I really dislike posting about a paper that I don’t fully understand, but I guess I’ll have to, as this one seems pretty important. The best I can do is summarize it briefly and give a link so that those of you above my pay grade can look at the messy details. The paper, with only two authors, Le Chang and Doris Tsao of Caltech, was published in Cell (reference and free link at bottom), and involved functional magnetic resonance imaging (fMRI) and electrodes that probed individual neurons in the brains of two rhesus macaques (Macaca mulatta). (It’s amazing how far technology has advanced!)
The monkeys were presented with images originally derived from 200 human faces, with data taken on a set of 50 landmarks involving both shape and features like eye color and skin tone. Chang and Tsao then constructed composite faces based on various combinations of these landmarks. After identifying a small patch of the macaque brain as being involved in face recognition, they then probed the firing of individual neurons in this region when macaques saw the faces. Using various statistical analyses incorporating the correlation of each neuron’s firing with the measurements used to construct the facial images, they then figured out an algorithm that best translated the firing patterns into the multidimensionally constructed face.
Once they did that, they could “reverse engineer” the firing patterns alone into facial images; that is, they could test their algorithm by using measurements of firing alone and their model to predict the appearance of new faces seen by the macaques. The remarkable thing is that they could do this with amazing accuracy monitoring only 205 neurons!
Below are a set of reverse-engineered faces (“predicted face”) derived from neuronal firing alone and then compared to the actual image the macaques saw. You can see the remarkable fidelity. What this means is that, as far as we know, the investigators cracked the code of how a facial image is translated into patterns of neuronal firing in the brain.

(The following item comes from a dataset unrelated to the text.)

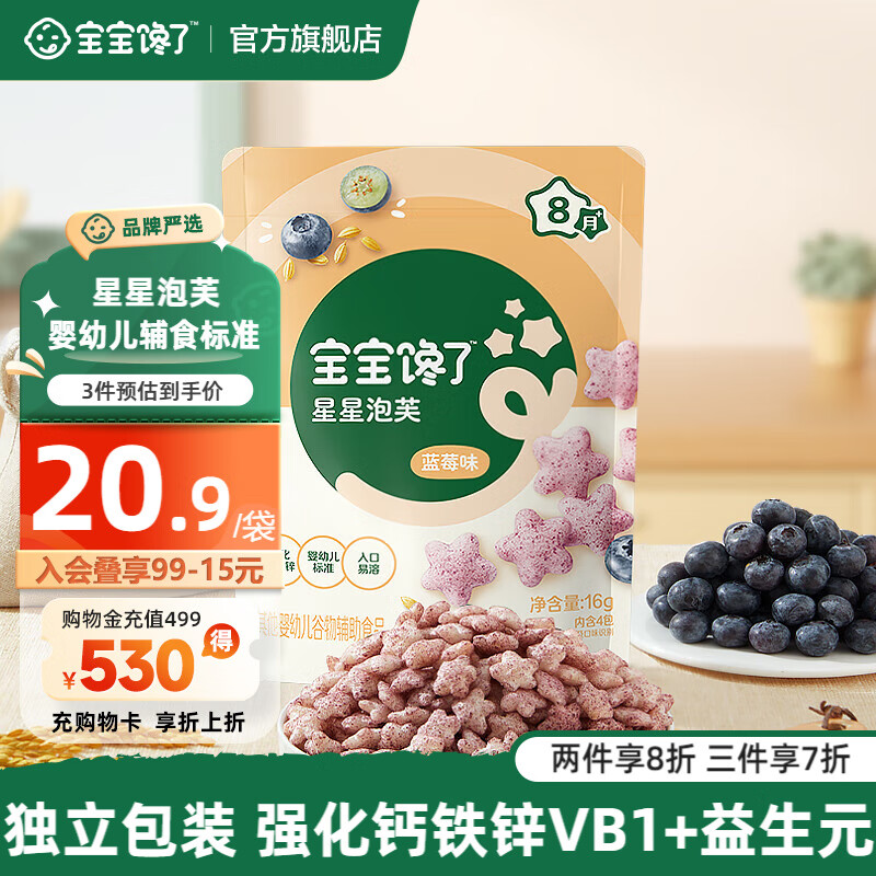 宝宝馋了手指泡芙宝宝婴幼儿零食辅食无添加盐6个月以上享婴儿宝宝食谱 8月+ 婴幼儿星星泡芙(蓝莓) 16g/袋
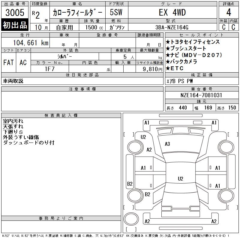 TOYOTA COROLLA FIELDER EX 4WD - лот 3005

What does this mean? Well, it means we’re a lot closer to understanding how the brain translates images into neuronal firing, though of course it tells us little about how that firing is reprocessed by the brain itself into an image, for that’s a matter of “qualia”, or consciousness. But it does unravel the complicated nexus by which a whole group of cells work together to create facial images, which of course are crucial for primates recognizing individuals.
One site reporting on this, ZME Science, notes two practical implications:
The researchers can translate from neuron activity in a brain to a human face; from brain activity to visual information. In addition to cracking the code of a brain in a living animal, this study also discovered how brains recognize faces. Before, it was believed that each face cell codes one specific face. However, now we know that each cell represents one piece of visual information that combines with all of the others to form a face. Perhaps human brains also have their own code that works in a similar way. In addition to crime applications, the research could help machine learning for recognizing faces, such as photo recognition on Facebook.
I’m not quite sure what the “crime applications” are unless they ask a victim to envision a perpetrator and use the neuronal firing (instead of a police artist) to get an image of that perp. But that seems impractical. The measurements of neuronal firing might be translatable into computer code, though this too is above my pay grade. Right now I’m just amazed that this was done, and how accurately the investigators could reverse engineer firing into images using so few neurons. I’ll let others speculate about the practical applications.
Chang, L. and D. Y. Tsao. The Code for Facial Identity in the Primate Brain. Cell 169:1013-1028.e1014.